▶ **Your instructions**: Your task is to write out every line of the data exactly. Drop the pictures.

▶ **Data extract**:
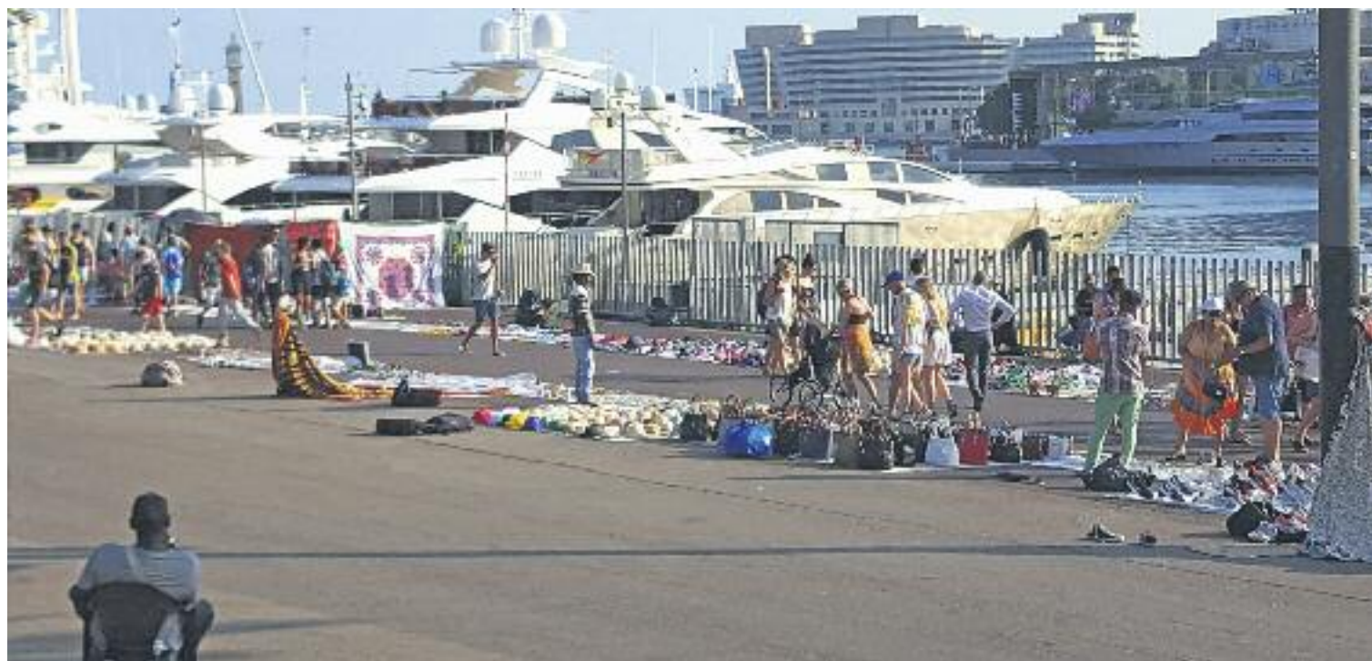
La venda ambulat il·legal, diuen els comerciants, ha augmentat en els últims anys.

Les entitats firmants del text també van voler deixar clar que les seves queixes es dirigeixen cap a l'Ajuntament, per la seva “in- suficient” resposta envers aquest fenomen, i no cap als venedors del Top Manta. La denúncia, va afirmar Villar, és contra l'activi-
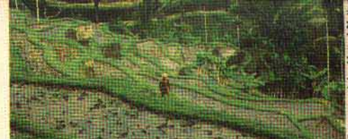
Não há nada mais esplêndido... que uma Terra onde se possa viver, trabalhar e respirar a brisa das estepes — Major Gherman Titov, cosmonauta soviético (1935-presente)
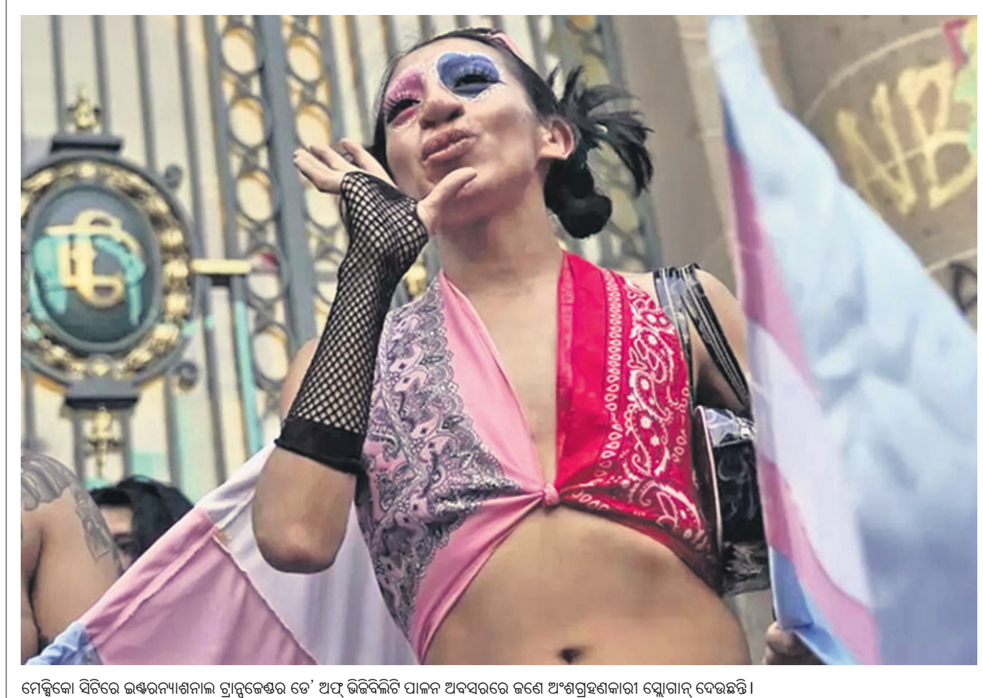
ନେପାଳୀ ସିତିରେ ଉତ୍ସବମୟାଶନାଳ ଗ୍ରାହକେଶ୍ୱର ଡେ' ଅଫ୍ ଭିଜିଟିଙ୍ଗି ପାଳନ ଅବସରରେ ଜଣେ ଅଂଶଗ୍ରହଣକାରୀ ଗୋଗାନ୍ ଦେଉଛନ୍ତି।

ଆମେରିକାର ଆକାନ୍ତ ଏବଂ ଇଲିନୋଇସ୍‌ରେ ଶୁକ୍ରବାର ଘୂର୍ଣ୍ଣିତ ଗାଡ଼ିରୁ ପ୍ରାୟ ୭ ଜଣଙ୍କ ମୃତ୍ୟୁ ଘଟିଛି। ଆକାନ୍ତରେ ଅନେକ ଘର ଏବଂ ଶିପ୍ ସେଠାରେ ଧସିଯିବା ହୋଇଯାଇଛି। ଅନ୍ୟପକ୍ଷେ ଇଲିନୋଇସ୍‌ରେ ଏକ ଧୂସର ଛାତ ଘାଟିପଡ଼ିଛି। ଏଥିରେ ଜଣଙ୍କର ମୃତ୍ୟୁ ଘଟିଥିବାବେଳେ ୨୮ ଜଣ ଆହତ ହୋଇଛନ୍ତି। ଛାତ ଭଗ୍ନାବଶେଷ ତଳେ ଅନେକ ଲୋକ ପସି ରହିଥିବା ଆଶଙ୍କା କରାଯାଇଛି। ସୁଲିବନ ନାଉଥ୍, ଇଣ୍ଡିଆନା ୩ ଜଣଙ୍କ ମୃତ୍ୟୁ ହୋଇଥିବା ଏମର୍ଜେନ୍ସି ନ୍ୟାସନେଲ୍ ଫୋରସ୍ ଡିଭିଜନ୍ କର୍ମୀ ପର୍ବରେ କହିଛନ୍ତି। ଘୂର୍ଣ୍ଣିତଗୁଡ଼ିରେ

▶ **Finished task**:
La venda ambulat il·legal, diuen els comerciants, ha augmentat en els últims anys.

Les entitats firmants del text també van voler deixar clar que les seves queixes es dirigeixen cap a l'Ajuntament, per la seva “in- suficient” resposta envers aquest fenomen, i no cap als venedors del Top Manta. La denúncia, va afirmar Villar, és contra l'activi-
Não há nada mais esplêndido... que uma Terra onde se possa viver, trabalhar e respirar a brisa das estepes — Major Gherman Titov, cosmonauta soviético (1935-presente)
ନେପାଳୀ ସିତିରେ ଉତ୍ସବମୟାଶନାଳ ଗ୍ରାହକେଶ୍ୱର ଡେ' ଅଫ୍ ଭିଜିଟିଙ୍ଗି ପାଳନ ଅବସରରେ ଜଣେ ଅଂଶଗ୍ରହଣକାରୀ ଗୋଗାନ୍ ଦେଉଛନ୍ତି।

ଆମେରିକାର ଆକାନ୍ତ ଏବଂ ଇଲିନୋଇସ୍‌ରେ ଶୁକ୍ରବାର ଘୂର୍ଣ୍ଣିତ ଗାଡ଼ିରୁ ପ୍ରାୟ ୭ ଜଣଙ୍କ ମୃତ୍ୟୁ ଘଟିଛି। ଆକାନ୍ତରେ ଅନେକ ଘର ଏବଂ ଶିପ୍ ସେଠାରେ ଧସିଯିବା ହୋଇଯାଇଛି। ଅନ୍ୟପକ୍ଷେ ଇଲିନୋଇସ୍‌ରେ ଏକ ଧୂସର ଛାତ ଘାଟିପଡ଼ିଛି। ଏଥିରେ ଜଣଙ୍କର ମୃତ୍ୟୁ ଘଟିଥିବାବେଳେ ୨୮ ଜଣ ଆହତ ହୋଇଛନ୍ତି। ଛାତ ଭଗ୍ନାବଶେଷ ତଳେ ଅନେକ ଲୋକ ପସି ରହିଥିବା ଆଶଙ୍କା କରାଯାଇଛି। ସୁଲିବନ ନାଉଥ୍, ଇଣ୍ଡିଆନା ୩ ଜଣଙ୍କ ମୃତ୍ୟୁ ହୋଇଥିବା ଏମର୍ଜେନ୍ସି ନ୍ୟାସନେଲ୍ ଫୋରସ୍ ଡିଭିଜନ୍ କର୍ମୀ ପର୍ବରେ କହିଛନ୍ତି। ଘୂର୍ଣ୍ଣିତଗୁଡ଼ିରେ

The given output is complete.